17 Wednesday Aug 2022

Posted by A Star on the Forehead in Daily Life, Dating, Finding Me, Food, Reviews

≈ 19 Comments

Tags

dinner and concert, first dates, Harvest on Hudson restaurant, Hastings NY, new relationships, online dating, Port Chester NY, Sonora Restaurant, Steely Dan concert, The Capitol Theatre

“Everything in the universe has a rhythm, everything dances. ” ― Maya Angelou

After no dates for a while, I had 2 dates in 2 days.

The guy that I called “The Disingenuous” on the prior post invited me to go see Steely Dan.  I had not blocked him because I sensed that he was harmless and just perhaps a little misguided. I mentioned to him that I didn’t think he was serious about meeting because of what he had done before.

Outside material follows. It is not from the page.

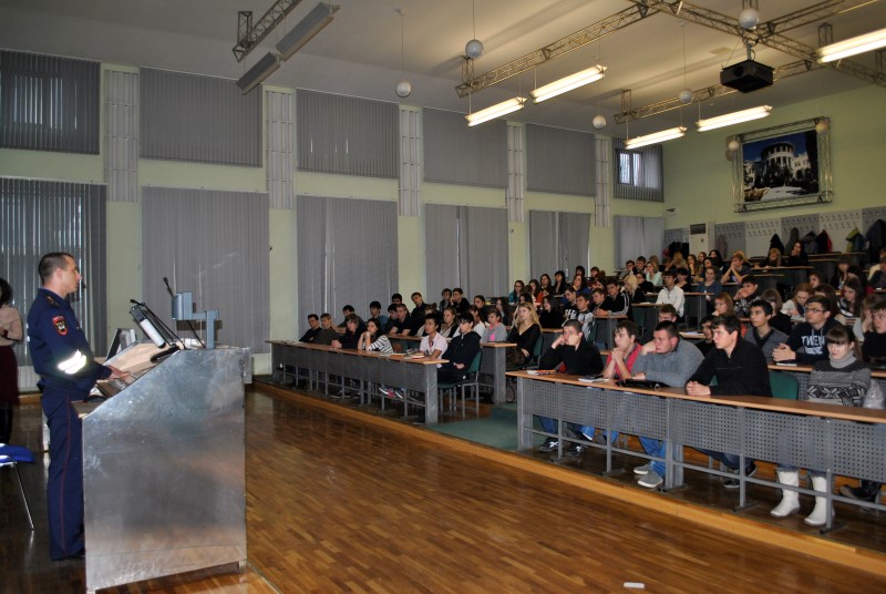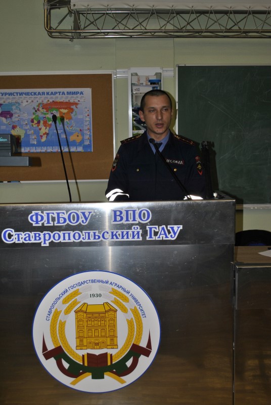28 ноября 2013 г. студенты учетно-финансового факультета и факультета механизации сельского хозяйства приняли участие во встрече с инспектором группы по пропаганде ОБ ДПС ОГИБОДИ Управления МВД России по г. Ставрополю Сердюковым Сергеем Владимировичем. Он рассказал студентам о правилах дорожного движения, видах административного и уголовного наказаниях и показал видеоролик.

He apologized, and said it was not his intention to appear that he was playing games.  I said ok, and he quickly got the tickets and then asked for restaurant suggestions.  I gave him a couple of names and he booked a place that I like, Sonora Restaurant.

We met near The Capitol in Port Chester, that was where Steely Dan was playing.  From there we went together to the restaurant.  It was a gorgeous evening, so we sat outside.  We shared several small plates instead of ordering an entrée.  It just felt faster that way, as we had the concert to go to. 

We shared different tacos, eggplant meatballs, yucca fries, quinoa cakes, etc. To drink I had the Brazilian Cosmopolitan, made with blood orange vodka.  He had iced tea.  He quit drinking. He said he doesn’t have a problem with alcohol, he just feels he doesn’t need it. Everything was delicious and the conversation flowed. 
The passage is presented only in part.